FIGURE 6 / Real-time detection of helium, hydrocarbon and radon macroseeps in the field for mapping faults and focusing collection of soil gas samples.

Data Interpretation and Reporting

The hydrocarbon, fixed gas and/or and major/trace element concentration and ratio data are evaluated in frequency distributions to separate populations and determine breakpoints between background and anomalous conditions. Multivariate statistical methods are used to look for important compound associations within and between the various datasets (e.g. Factor Analysis), and to determine which variables contribute most to discrimination between pre-determined classes. Wherever possible it is important to measure the intensity and composition of microseepage over productive and non-productive reservoirs to develop a discriminant model or linear function using organic and inorganic variables. This model or function can then be used to classify microseepage into “productive or non-productive” categories to make better predictions and help lower risk. Your reservoir objective is therefore distinguished from others based on a compositional “template”.

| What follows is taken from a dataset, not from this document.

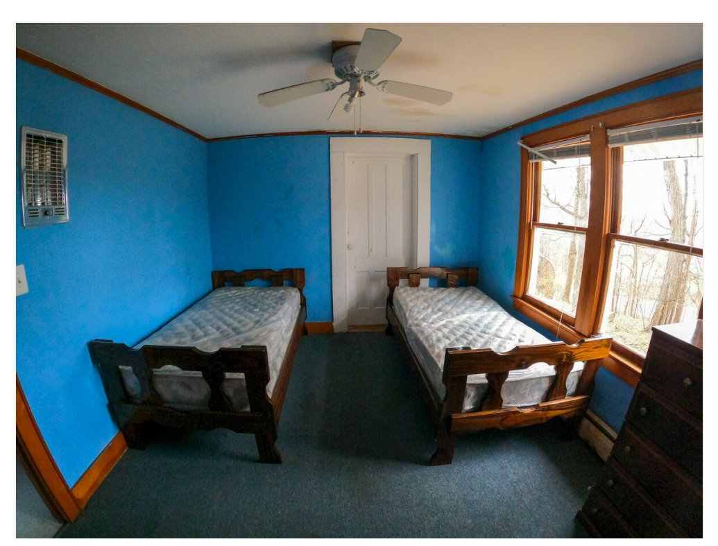
Bedroom 2 Bedroom 1

In addition to the multivariate fingerprinting approach, we evaluate hydrocarbon concentrations and ratios in soils, sediments, free gas as a possible indication of “hydrocarbon charge” in your reservoir. Pixler plots (Pixler, 1969) of hydrocarbon ratios in free, sorbed and/or occluded gases are commonly used to determine the source of the observed microseepage (i.e. oil versus gas). The fluorescence spectra of oil microseeps are compared with produced oil spectra to assign ranks to describe how similar they are (Figure 4). Certain major and trace elements (e.g. Li, Mg, Ba, Ca, Br etc. – see Figure 1) in soils and sediments are used to help locate and map faults and may provide insight into subsurface mineralization (e.g., hydrothermal dolomite) processes and reservoir brine compositions.

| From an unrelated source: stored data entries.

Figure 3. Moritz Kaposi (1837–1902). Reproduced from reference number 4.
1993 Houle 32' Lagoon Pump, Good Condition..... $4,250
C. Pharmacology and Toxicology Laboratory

Hydrocarbon., fixed gas and major/trace element concentrations, bivariate ratios, factor and discriminant scores, oil ranks and concentrations are plotted as proportional symbols and/or contours on a topographic (or geological/geophysical background if available) background to facilitate interpretation of the microseep data. The data, maps and final written report are provided to the client upon completion of the analyses and interpretation. In the final report, the client is provided with recommendations based on our interpretation of the geochemical data in conjunction with available geological and geophysical information to help focus your exploration program. In addition, you receive geochemical maps and all of the raw data from which these maps are generated for your own verification.

FIGURE 4 / Synchronous Scanned Fluorescence spectra of condensate and crude oil. These fluorescence spectra can be compared and contrasted with micro- and macro-seeps in surface soils and sediments to estimate the likely source of the seeps.